Yesterday's press conference cast a reflection on this dynamic. It was packed. The hotel ballroom was laden with print and web journalists, photographers and videographers from around the world, but also squeezed in were simply those caught up in the building tension of the coming race and wanting a peek at those most squarely planted on plank. You want to win this race? Sure, train your brains out, but, as Faris Al-Sultan said at the conference,  everyone arrives in Kona at the ultimate peak level of fitness. What does that mean?
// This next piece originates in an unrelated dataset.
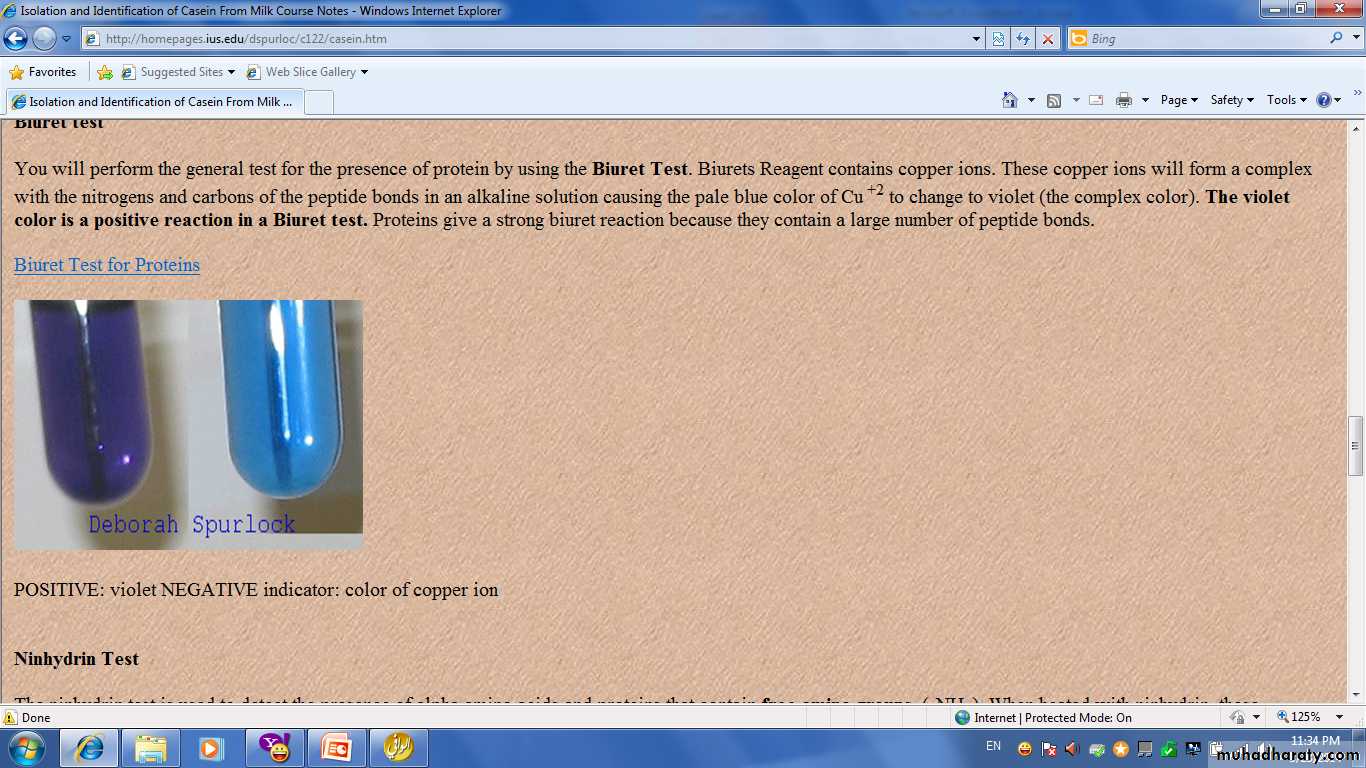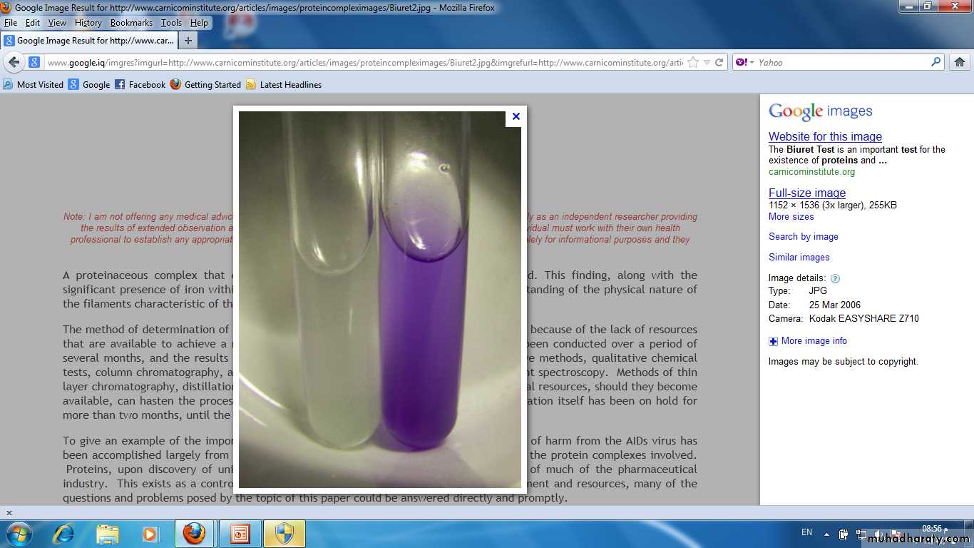 Is commonly used to detect the presence of proteins and peptiedes by treating a sample with an alkaline solution of dilute copper sulfate to yield a pink-violet to purple-violet colour. At least two peptide bonds (tripeptide) are required for positive test Biuret. The intensity of the colour complex produced is directly proportional to the number peptied bond present.

It means to win you may have to take the kind of risk that, if you're very good and very lucky, will yield a heady moment in the sun when you jog down the chute slapping hands with spectators, resplendent with the glow of victory; or-and more likely-the risk may leave you clamoring to a roadside ditch of lava in defeat, off into the shadow to hurl up every last gram of energy bars and bananas you've been cramming down your throat.
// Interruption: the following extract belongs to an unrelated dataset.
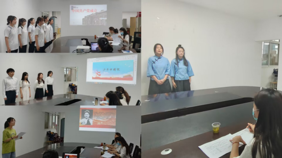 22级日语班於杭凤等朗诵的作品《雨巷》首先拉开序幕,娓娓道来;《红船,从南湖起航》回顾百年党史,表达了感党恩、听党话、跟党走的热情;《中华少年》气势宏大、激情饱满地抒发了中华少年的自豪之情。各参赛选手声情并茂地展示了作品,得到了在场评委的一致好评。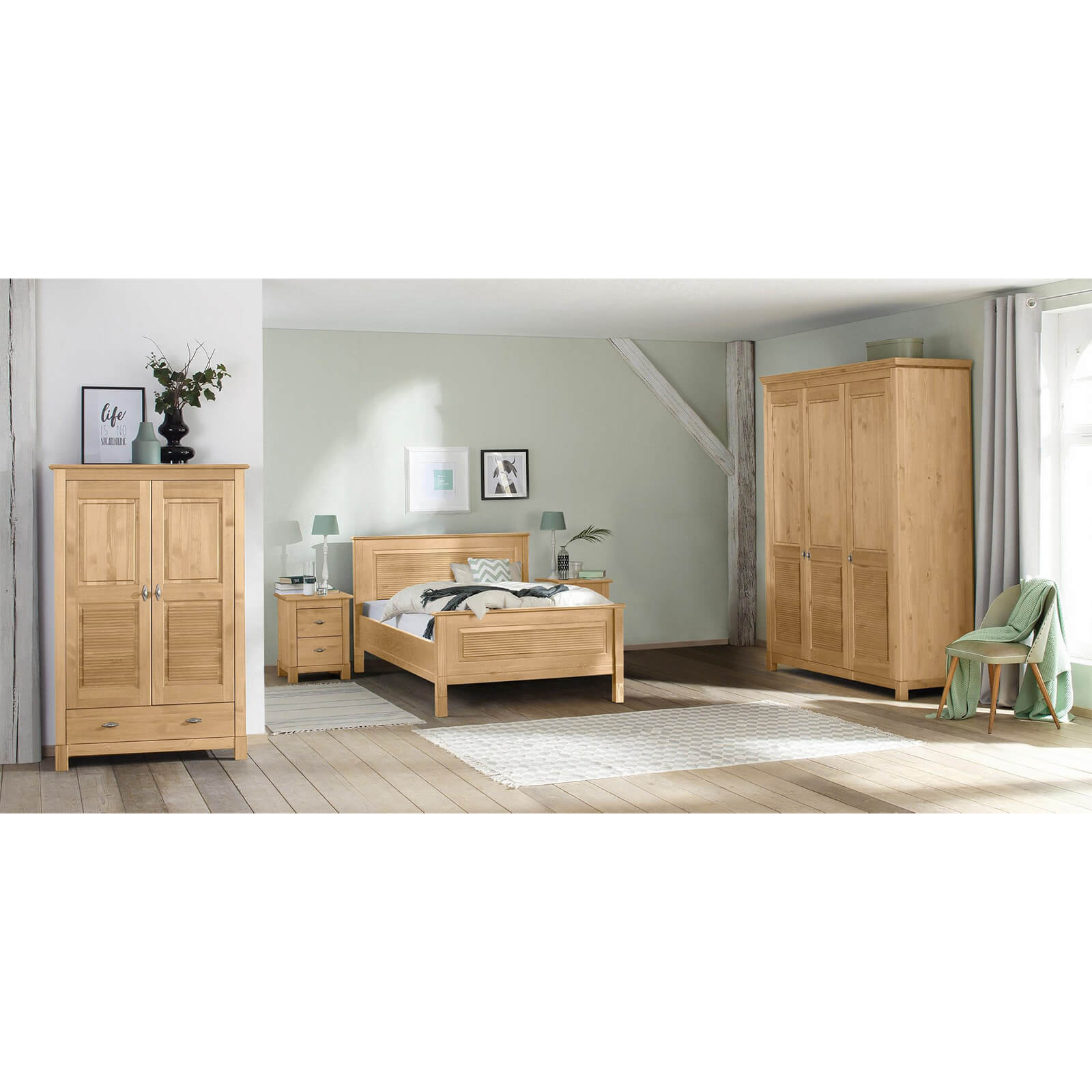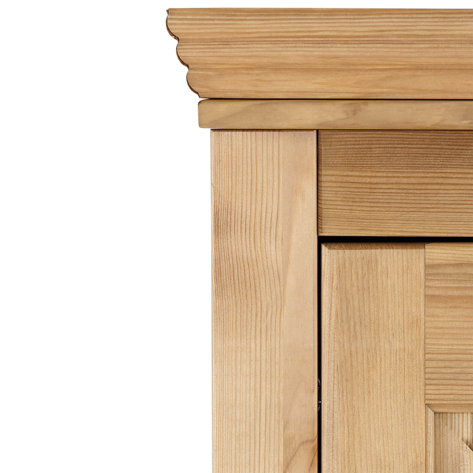 Внутри имеются полки и штанга для вешалок для удобной организации вашей одежды. Массив сосны, использованный при изготовлении, обладает прекрасными декоративными свойствами. Его теплый и натуральный оттенок придаст вашей комнате уют и гармонию.

With eight of the top finishers from last year's championship seated up front (understandably each one looking like they couldn't wait to get the hell out of there) and just 36 hours from the start of the race, the nervous tension was palpable. Each time Cam Widoff was asked a question-one was to describe what he learned in his 16 years doing the Ironman, another was to comment on how his biking was coming along-a note of belligerence coated his reply. It was as if people were asking him,  "Do you really think you have the right to be here?" And then there's the story floating around the island about how Normann Stadler has been in a fury over  quotes by Peter Reid in Cameron Elford's interview in the current issue of Triathlete magazine. Reid told Elford,  "Normann is a classic Thomas Hellriegel. In 2004, he had the race of his life, and he'll be a top-five guy this year, but he'll never be on top again because he's a marked guy." According to one of his sponsors, Stadler read the quote and flipped.  His sponsor said, "He called me after he read the story. I had to remind him that he had only so much energy to bring to Hawaii, and if he was going to have a nervous breakdown anytime people wrote or said something, he's going to have nothing left on race day."

How can you blame them?  It's not like they're going to wake up on Saturday morning and trundle off for a day of games at the state fair. When the cannon fires, they'll be facing 140.6 miles of athletic effort made far more complicated by a sunshine, humidity and eerily powerful headwinds and cross winds. The water in which they swim will rock them into seasickness, and this year we can expect it to be worse than ever thanks to a 6.5 magnitude earthquake just six days prior, one with an epicenter that makes it look like the race course was the target.

Of course, there's a direct relationship between  the pressure the race is charged with and the greatness of the race. The Ironman demands a fantastic effort underneath the scrutiny of an electron microscope. Right now, a matter of hours before the start of the race, everything feels like it's about to bust. This is what makes it great.